Germany: facing a pandemic without shelter –⁠ a report from Hamburg

Even before the outbreak of the coronavirus pandemic and the onset of the growing economic crisis, the lack of housing and homelessness in German cities was striking. This problem has now been exacerbated.


Read the original in German here

There are no official statistics on this in this developed country. However, an estimated 1.2 million people in Germany do not have their own home, and the number continues to rise. They literally live on the street, stay in emergency shelters or sleep on the sofa with relatives and acquaintances.

Homeless people were clearly already in a dire situation before the current pandemic. But now, the capitalist system, which has been forced to a partial standstill by this virus, is tightening the shackles on the marginalised minority on the streets of Hamburg. Until recently, the city offered a broad social support system with food banks, information centres and social housing to treat the symptoms of homelessness. Now, however, the impact of the coronavirus - which includes a nationwide contact ban for homeless people, refugees and illegal immigrants - means one thing above all: social isolation and lack of protection against infection.

After several of its residents had demonstrably become infected, Hamburg's largest homeless shelter in Hammerbrook was forced to put an entire floor under quarantine until further notice, and to refrain from accepting new residents. As a result, other residents of the suburb are now in constant fear of getting infected themselves.

SONY DSC                     The only shelter for the homeless is on Kollau street, where all guests there must present an identification document / Image: flamenc

In this situation, the only alternative shelter is the one on Kollaustraße (Kollau street), which is also run by the municipal social enterprise "fördern&wohnen". However, as a precautionary measure, all guests there must present an identification document to the responsible authorities. This means that the right to emergency accomodation no longer applies. If further cases of coronavirus are found in the accommodation, hundreds of people will be put on lockdown. They would be quarantined in shared rooms and any claim to privacy or intimacy would disappear. Even more serious in this scenario is the problem of dealing responsibly and correctly with a large number of people with addictions in a very cramped space.

Social housing is in a similarly dramatic situation: almost all of those in charge have decided not to take in any new people in need of help, in order to prevent the spread of the disease in their houses. Since tests for the coronavirus are primarily reserved for the upper class, people in need cannot prove that they are not infected.

Due to the pandemic, counselling and specialist agencies, as well as job centers and district offices, can only be contacted by phone. This hits those people in need of such help the hardest. Direct conversations with employees at the help centres would be an important relief and could help cope with the emergency, and no phone call can replace such active help. In addition, not all people have their own mobile phone and many are not aware that official appointments are necessary in order to be assigned social housing.
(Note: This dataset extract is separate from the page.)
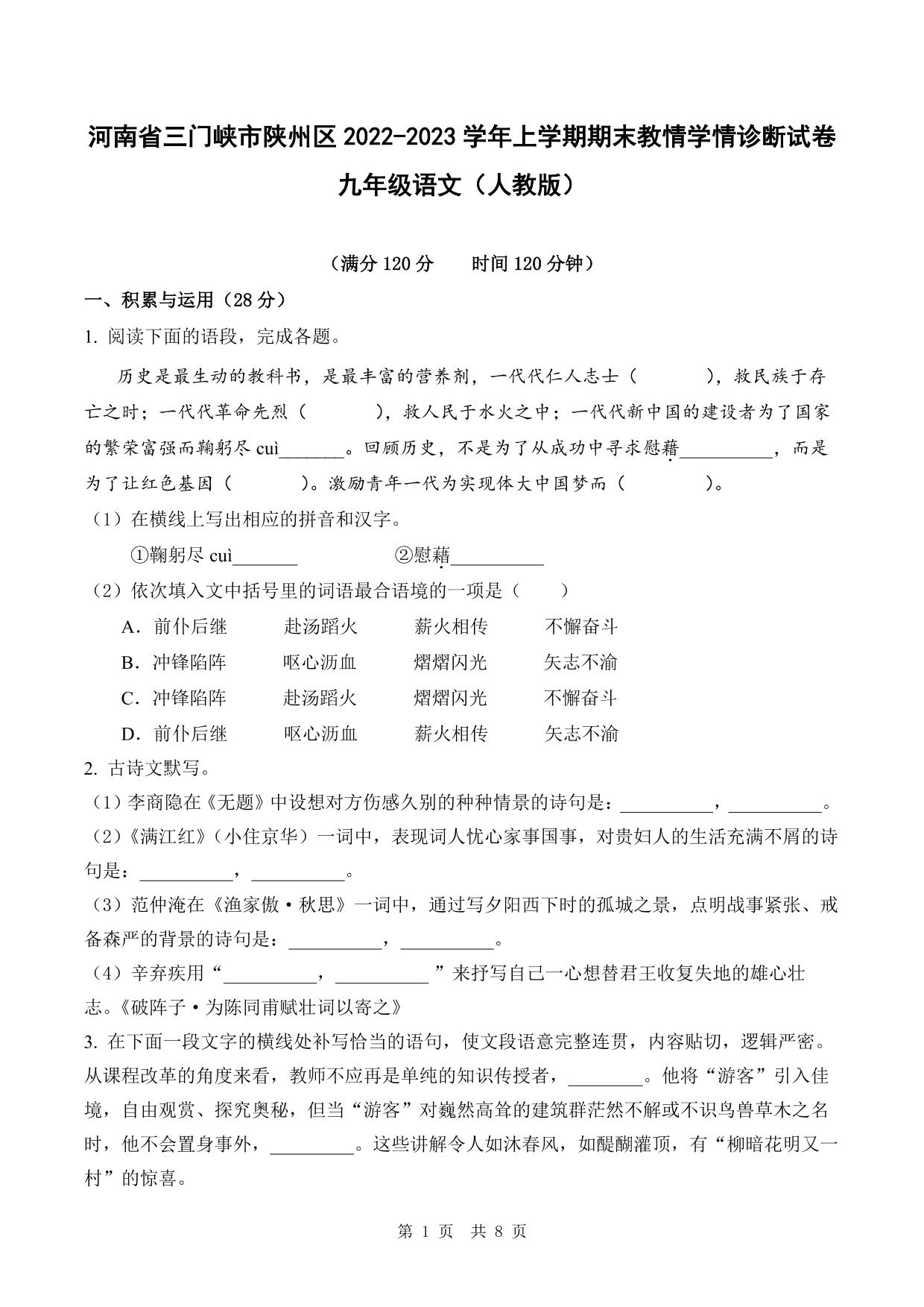 河南省三门峡市陕州区2022-2023学年上学期期末教情学情诊断试卷九年级语文(人教版)
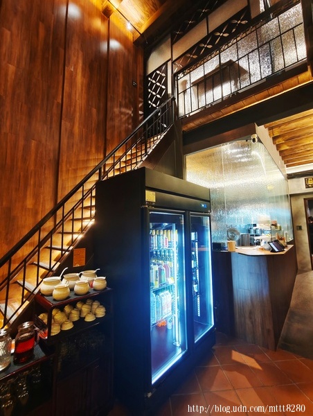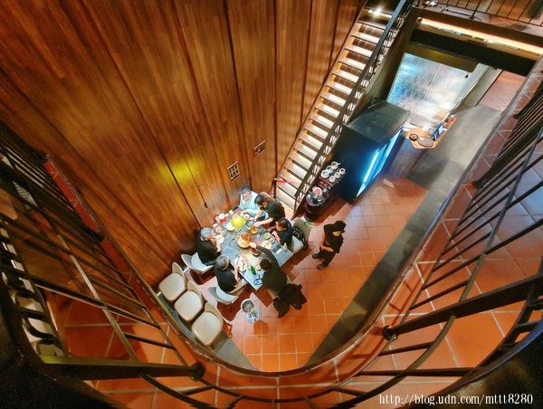 這間「丈八厝」形式,並有盾形幾何樣式的女兒牆,劃分了過去和現在。進到店內,站在樓梯邊,從樓上往下瞧,一如歷史的漩渦。

At the moment we are experiencing long queues in the city in front of food banks, and an enormous increase in people asking for money in public places such as on trains. The city centres are empty and the shelters cannot offer any protection. The support system, which fights for the welfare of people without any considerable subsidies from the state, is almost bursting at the seams.

On the other hand, we see people emptying entire shelves in supermarkets, and so-called ‘celebs’ explain to us that we need to show solidarity, while they sit in their 150-square-meter apartments with pantries filled to the brim. Politicians have direct, easy access to the sought-after tests and cannot put themselves in the shoes of people who don’t even have their own home.

The Senate of Hamburg must finally act. All those who are affected, regardless of whether they are homeless people, illegal migrants or refugees, must be offered rooms in which health safety and food supplies are guaranteed. In Hamburg, this would be possible immediately and quite legally, because there is a housing protection law. It gives the district offices a hold on real estate that is vacant for more than four months without a permit. The authorities can appoint a trustee to gain access to vacant properties, have the rooms renovated at the owner's expense and initiate a new lease. All that is needed is the bold political will to apply this law, to take on the speculators and to intervene in their private property. Therefore: confiscate vacancies, expropriate speculators!